▶ _Problem requirements_: Pictures in the material below are to be left out, and only the lines from the line with "Offering welcome extra" up to and including the line with "智能化工具和标准化文档,,,,保障服务质" are to be written out exactly.

▶ _Entries shown_:
····················

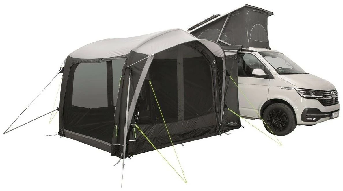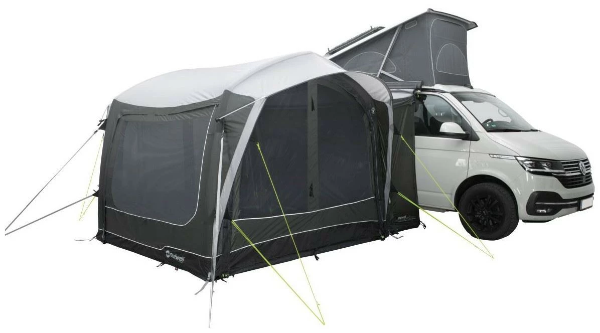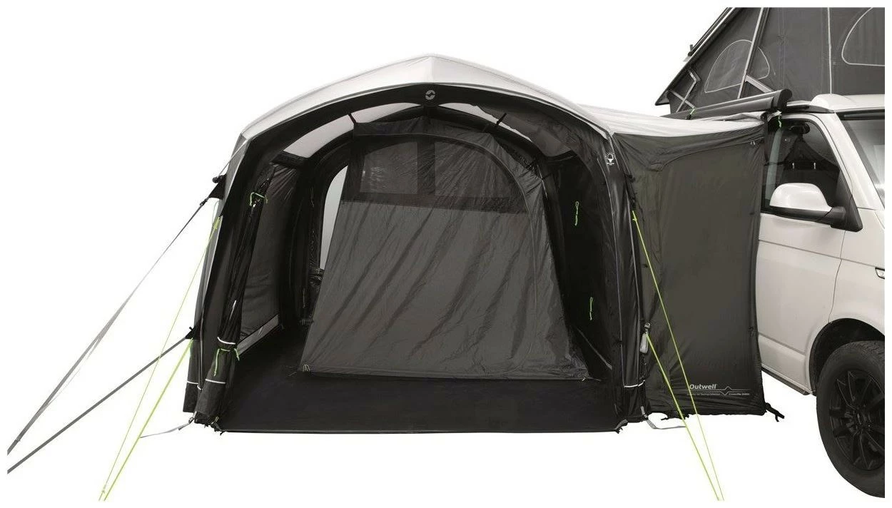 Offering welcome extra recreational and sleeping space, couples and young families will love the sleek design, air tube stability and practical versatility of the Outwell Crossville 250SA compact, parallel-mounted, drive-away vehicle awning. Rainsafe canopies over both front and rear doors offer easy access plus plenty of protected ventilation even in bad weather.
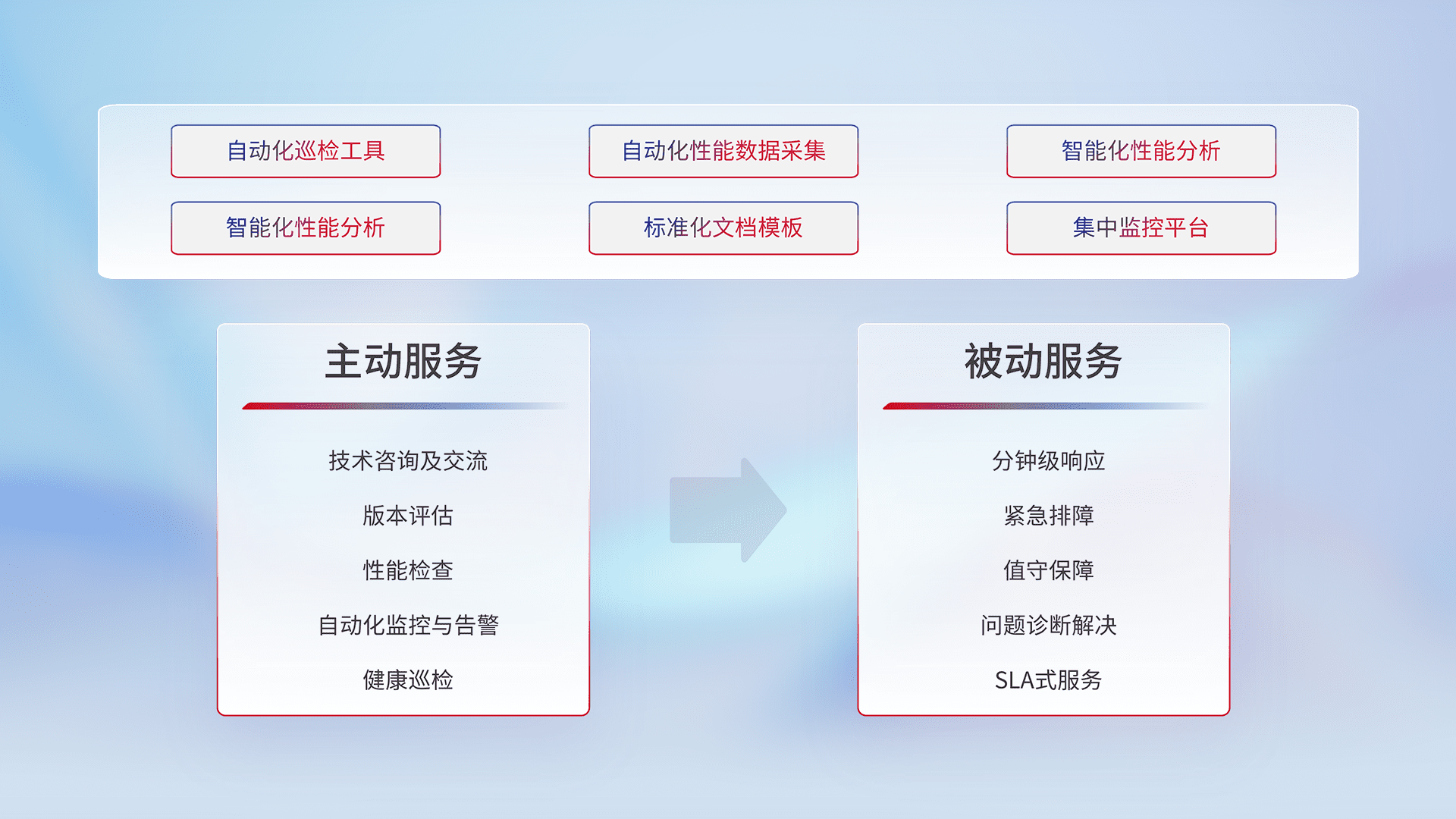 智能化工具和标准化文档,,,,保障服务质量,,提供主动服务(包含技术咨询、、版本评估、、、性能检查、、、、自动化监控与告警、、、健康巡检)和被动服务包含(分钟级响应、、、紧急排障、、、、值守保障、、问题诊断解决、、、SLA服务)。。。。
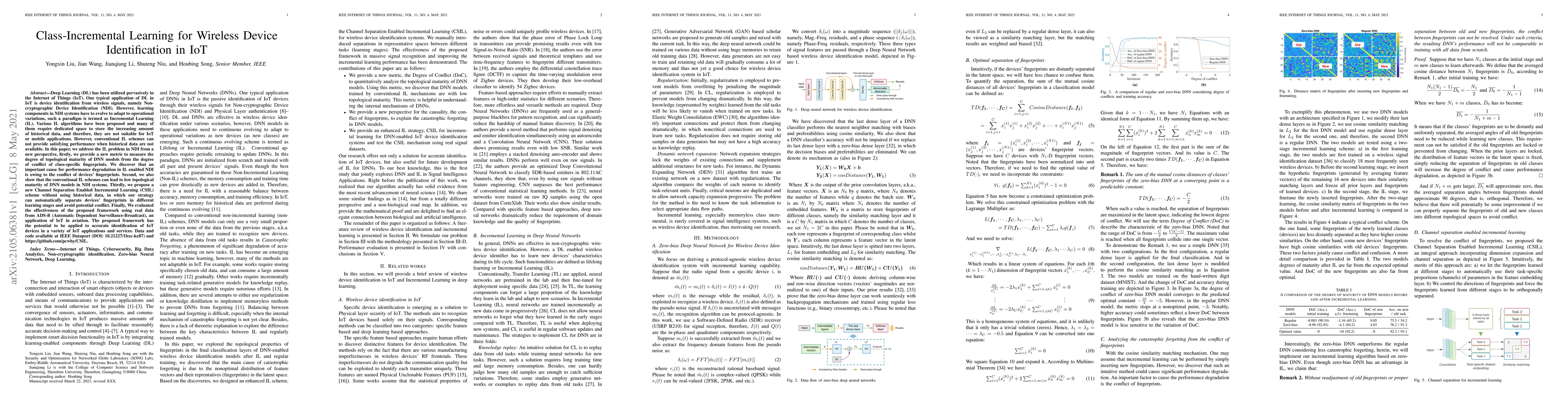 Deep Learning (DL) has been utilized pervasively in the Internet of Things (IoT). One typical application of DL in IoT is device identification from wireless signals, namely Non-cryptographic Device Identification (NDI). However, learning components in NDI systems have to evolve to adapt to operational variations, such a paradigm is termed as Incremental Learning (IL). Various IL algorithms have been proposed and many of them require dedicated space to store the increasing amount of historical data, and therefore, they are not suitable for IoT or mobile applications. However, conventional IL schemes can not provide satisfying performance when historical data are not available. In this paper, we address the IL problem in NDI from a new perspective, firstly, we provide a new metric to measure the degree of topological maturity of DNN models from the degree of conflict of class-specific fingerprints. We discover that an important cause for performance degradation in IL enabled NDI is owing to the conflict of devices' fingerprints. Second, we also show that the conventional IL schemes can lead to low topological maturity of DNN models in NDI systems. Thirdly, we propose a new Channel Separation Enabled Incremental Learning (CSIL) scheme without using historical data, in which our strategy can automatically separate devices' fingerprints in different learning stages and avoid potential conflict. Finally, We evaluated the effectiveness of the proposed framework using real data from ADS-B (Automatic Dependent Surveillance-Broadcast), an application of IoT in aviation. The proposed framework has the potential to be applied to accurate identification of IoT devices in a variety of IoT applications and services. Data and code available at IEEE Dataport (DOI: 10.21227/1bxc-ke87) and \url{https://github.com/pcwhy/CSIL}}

····················

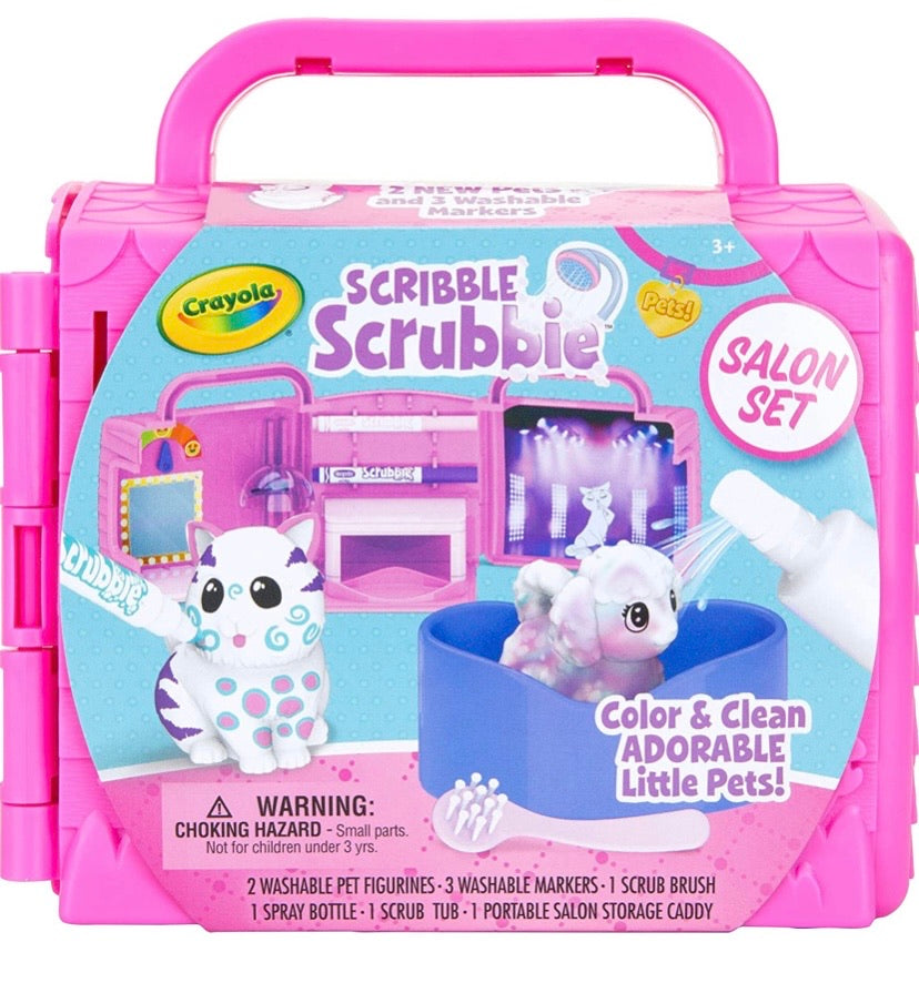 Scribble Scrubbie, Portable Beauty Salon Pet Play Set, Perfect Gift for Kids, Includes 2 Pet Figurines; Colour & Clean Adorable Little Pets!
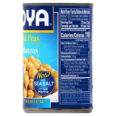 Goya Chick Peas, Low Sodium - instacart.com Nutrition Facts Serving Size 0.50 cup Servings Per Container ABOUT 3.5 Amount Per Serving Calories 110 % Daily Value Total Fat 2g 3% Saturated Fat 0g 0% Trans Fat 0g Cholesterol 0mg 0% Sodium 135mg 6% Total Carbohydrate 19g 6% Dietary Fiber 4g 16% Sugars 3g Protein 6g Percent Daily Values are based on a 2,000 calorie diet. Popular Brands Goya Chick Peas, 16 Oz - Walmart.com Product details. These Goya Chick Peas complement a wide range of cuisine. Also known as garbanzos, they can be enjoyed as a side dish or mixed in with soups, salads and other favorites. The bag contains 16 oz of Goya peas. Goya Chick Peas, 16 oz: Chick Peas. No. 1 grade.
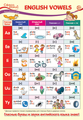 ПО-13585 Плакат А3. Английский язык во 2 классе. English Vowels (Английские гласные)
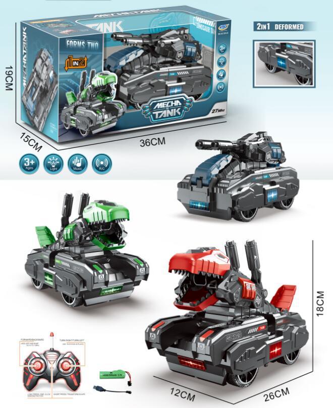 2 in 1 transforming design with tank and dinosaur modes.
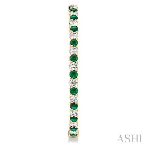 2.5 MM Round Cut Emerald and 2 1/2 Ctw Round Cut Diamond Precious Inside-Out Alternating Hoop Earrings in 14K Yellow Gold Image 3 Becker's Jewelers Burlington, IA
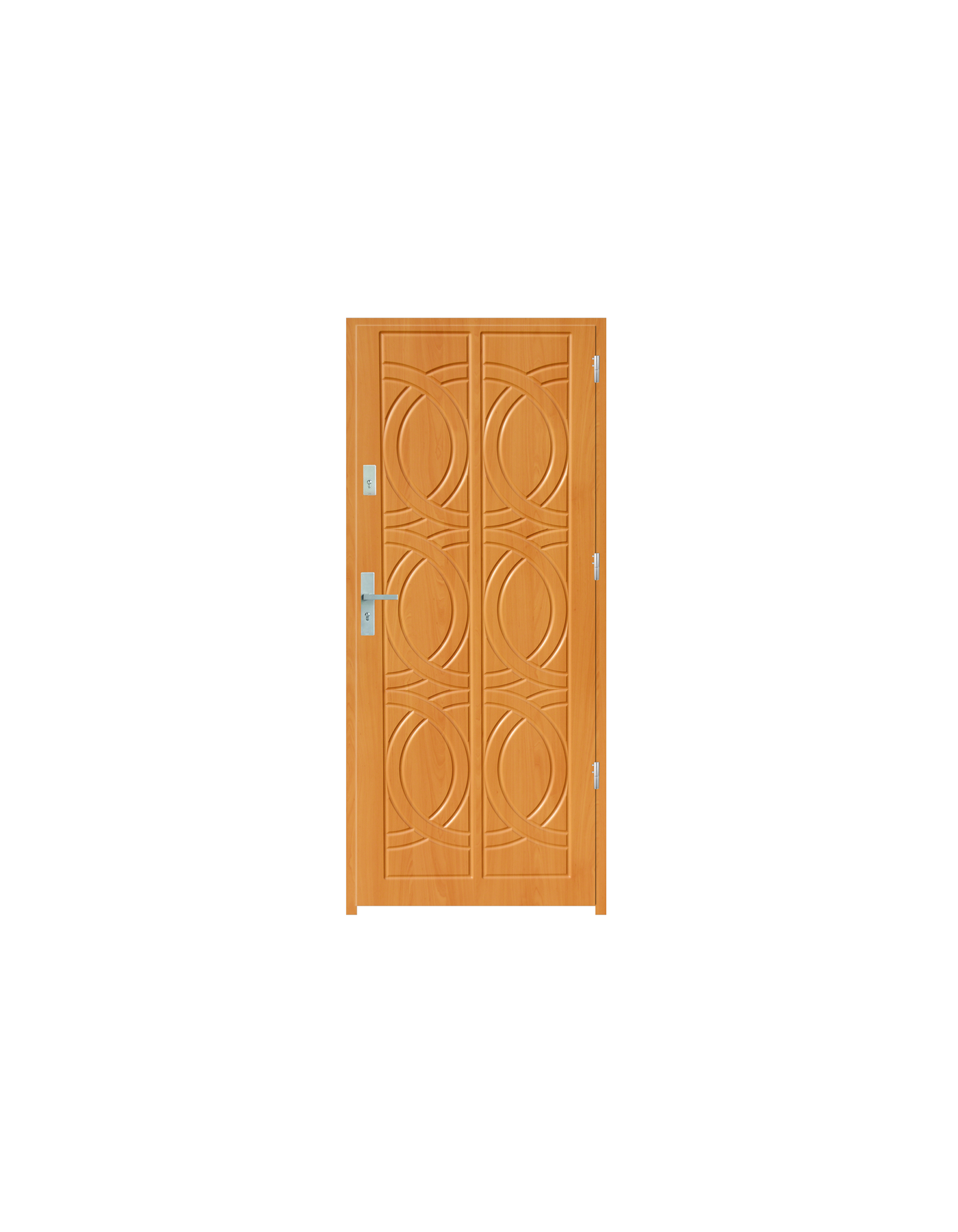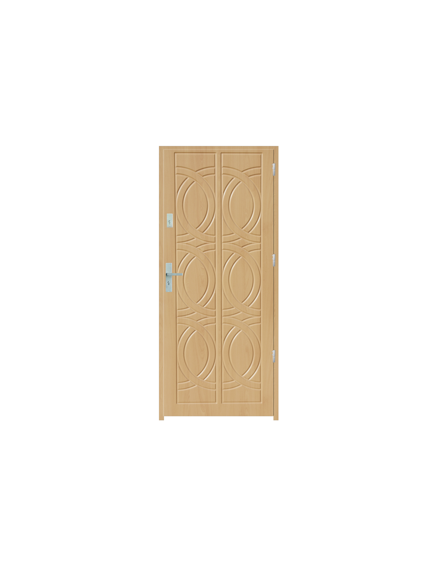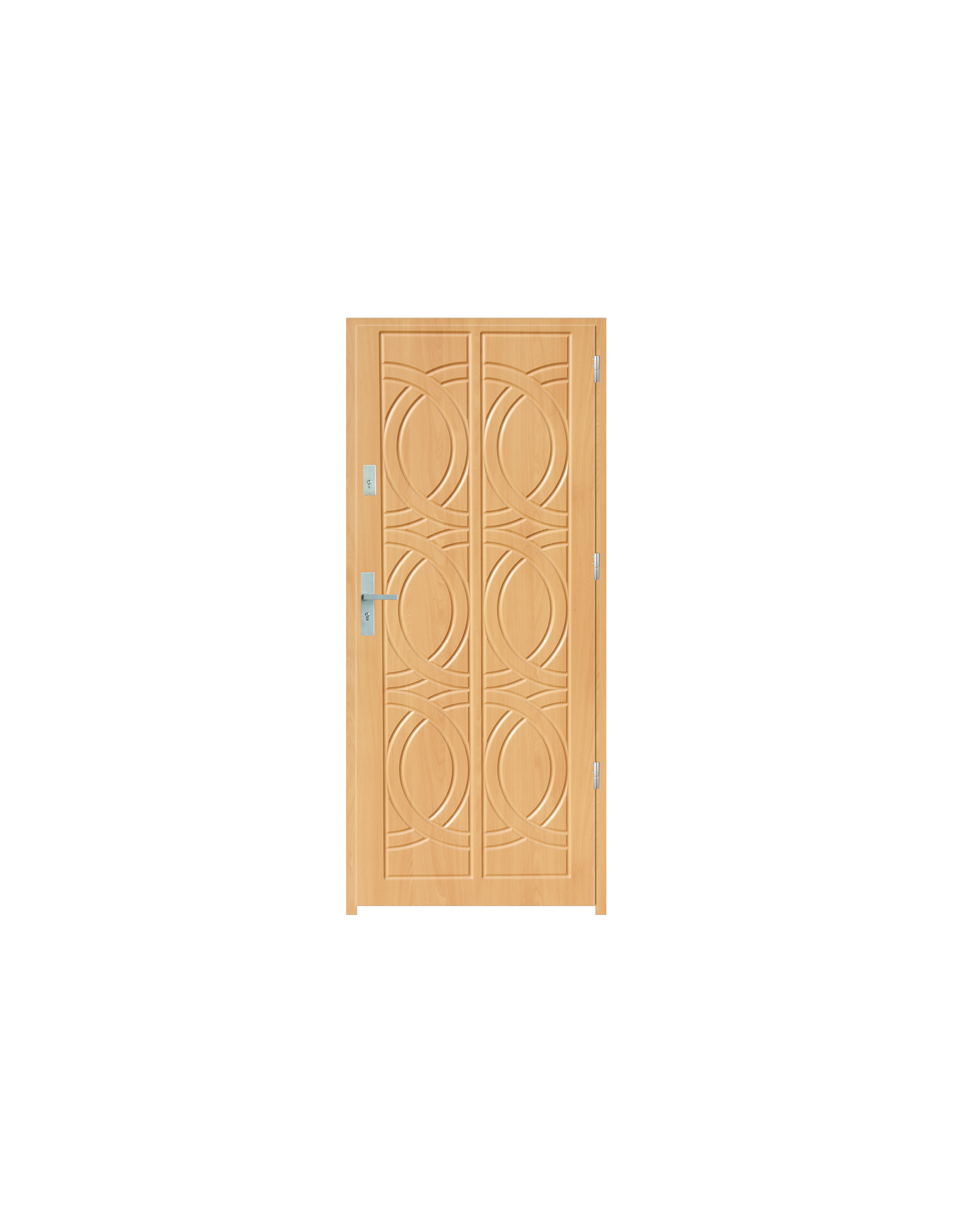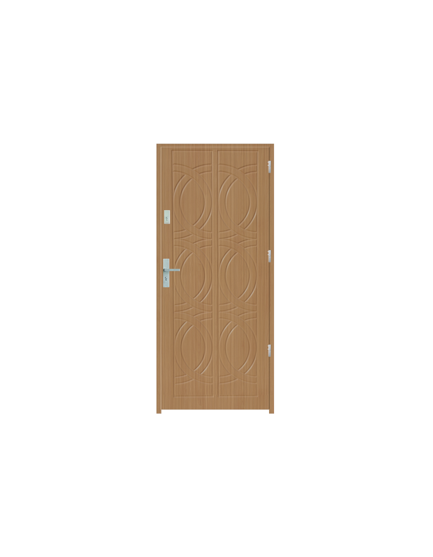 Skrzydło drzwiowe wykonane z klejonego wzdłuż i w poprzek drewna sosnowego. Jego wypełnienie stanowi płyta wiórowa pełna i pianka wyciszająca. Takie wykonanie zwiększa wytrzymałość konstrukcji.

····················

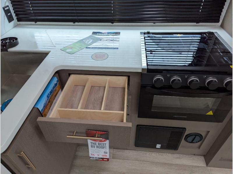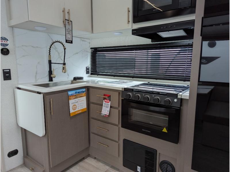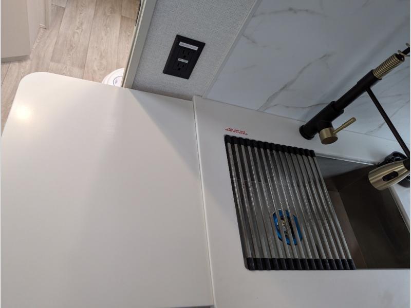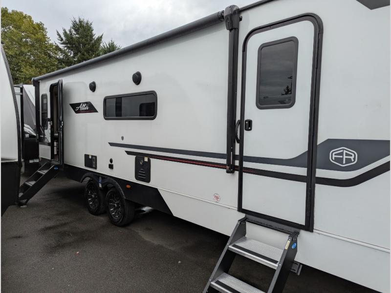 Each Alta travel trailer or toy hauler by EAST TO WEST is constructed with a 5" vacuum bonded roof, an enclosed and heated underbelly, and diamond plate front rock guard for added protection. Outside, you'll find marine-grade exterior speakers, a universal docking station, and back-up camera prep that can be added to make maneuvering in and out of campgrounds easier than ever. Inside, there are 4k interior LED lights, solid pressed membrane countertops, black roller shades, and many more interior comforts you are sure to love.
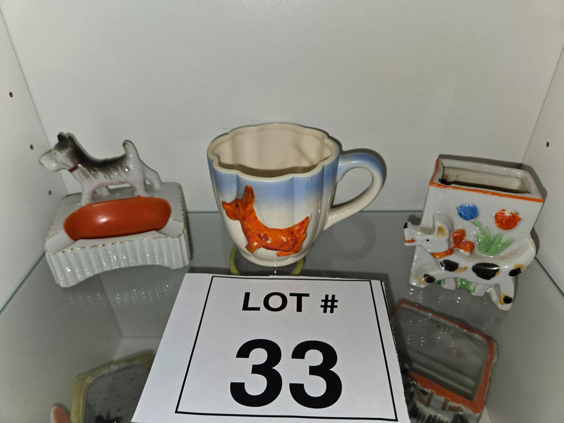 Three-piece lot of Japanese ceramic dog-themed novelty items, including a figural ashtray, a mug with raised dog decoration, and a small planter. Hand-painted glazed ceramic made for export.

····················

▶ _Result below_:
 Offering welcome extra recreational and sleeping space, couples and young families will love the sleek design, air tube stability and practical versatility of the Outwell Crossville 250SA compact, parallel-mounted, drive-away vehicle awning. Rainsafe canopies over both front and rear doors offer easy access plus plenty of protected ventilation even in bad weather.
 智能化工具和标准化文档,,,,保障服务质量,,提供主动服务(包含技术咨询、、版本评估、、、性能检查、、、、自动化监控与告警、、、健康巡检)和被动服务包含(分钟级响应、、、紧急排障、、、、值守保障、、问题诊断解决、、、SLA服务)。。。。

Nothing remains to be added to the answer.